### PROBLEM DETAILS
Exactly reproduce each line of the listing that follows.

** Opening SUPPLIED DATA block **

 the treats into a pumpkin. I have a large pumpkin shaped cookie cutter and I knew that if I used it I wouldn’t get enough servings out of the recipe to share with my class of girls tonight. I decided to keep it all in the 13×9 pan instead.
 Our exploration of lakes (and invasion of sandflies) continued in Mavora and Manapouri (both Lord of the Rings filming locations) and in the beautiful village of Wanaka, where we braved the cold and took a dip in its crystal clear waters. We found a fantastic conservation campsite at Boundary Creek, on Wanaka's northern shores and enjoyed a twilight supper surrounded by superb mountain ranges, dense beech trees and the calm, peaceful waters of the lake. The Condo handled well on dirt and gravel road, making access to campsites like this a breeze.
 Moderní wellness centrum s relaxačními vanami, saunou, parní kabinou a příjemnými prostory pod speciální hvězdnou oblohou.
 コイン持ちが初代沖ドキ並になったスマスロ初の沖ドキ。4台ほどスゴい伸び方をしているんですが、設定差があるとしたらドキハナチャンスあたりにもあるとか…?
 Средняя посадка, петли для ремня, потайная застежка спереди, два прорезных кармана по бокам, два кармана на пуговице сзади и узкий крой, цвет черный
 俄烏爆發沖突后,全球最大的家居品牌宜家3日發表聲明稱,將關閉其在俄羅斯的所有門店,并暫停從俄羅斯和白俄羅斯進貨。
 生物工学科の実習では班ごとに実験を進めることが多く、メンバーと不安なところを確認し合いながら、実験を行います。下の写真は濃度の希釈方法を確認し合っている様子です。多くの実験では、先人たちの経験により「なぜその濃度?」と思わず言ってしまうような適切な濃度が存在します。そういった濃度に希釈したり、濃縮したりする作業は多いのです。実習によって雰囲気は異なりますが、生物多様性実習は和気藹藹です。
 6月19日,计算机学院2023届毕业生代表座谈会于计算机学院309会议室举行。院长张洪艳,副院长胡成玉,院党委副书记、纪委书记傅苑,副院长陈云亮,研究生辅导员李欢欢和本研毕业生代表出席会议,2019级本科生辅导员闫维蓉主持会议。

** Closing SUPPLIED DATA block **

### ANSWER FOR THIS EXERCISE
 the treats into a pumpkin. I have a large pumpkin shaped cookie cutter and I knew that if I used it I wouldn’t get enough servings out of the recipe to share with my class of girls tonight. I decided to keep it all in the 13×9 pan instead.
 Our exploration of lakes (and invasion of sandflies) continued in Mavora and Manapouri (both Lord of the Rings filming locations) and in the beautiful village of Wanaka, where we braved the cold and took a dip in its crystal clear waters. We found a fantastic conservation campsite at Boundary Creek, on Wanaka's northern shores and enjoyed a twilight supper surrounded by superb mountain ranges, dense beech trees and the calm, peaceful waters of the lake. The Condo handled well on dirt and gravel road, making access to campsites like this a breeze.
 Moderní wellness centrum s relaxačními vanami, saunou, parní kabinou a příjemnými prostory pod speciální hvězdnou oblohou.
 コイン持ちが初代沖ドキ並になったスマスロ初の沖ドキ。4台ほどスゴい伸び方をしているんですが、設定差があるとしたらドキハナチャンスあたりにもあるとか…?
 Средняя посадка, петли для ремня, потайная застежка спереди, два прорезных кармана по бокам, два кармана на пуговице сзади и узкий крой, цвет черный
 俄烏爆發沖突后,全球最大的家居品牌宜家3日發表聲明稱,將關閉其在俄羅斯的所有門店,并暫停從俄羅斯和白俄羅斯進貨。
 生物工学科の実習では班ごとに実験を進めることが多く、メンバーと不安なところを確認し合いながら、実験を行います。下の写真は濃度の希釈方法を確認し合っている様子です。多くの実験では、先人たちの経験により「なぜその濃度?」と思わず言ってしまうような適切な濃度が存在します。そういった濃度に希釈したり、濃縮したりする作業は多いのです。実習によって雰囲気は異なりますが、生物多様性実習は和気藹藹です。
 6月19日,计算机学院2023届毕业生代表座谈会于计算机学院309会议室举行。院长张洪艳,副院长胡成玉,院党委副书记、纪委书记傅苑,副院长陈云亮,研究生辅导员李欢欢和本研毕业生代表出席会议,2019级本科生辅导员闫维蓉主持会议。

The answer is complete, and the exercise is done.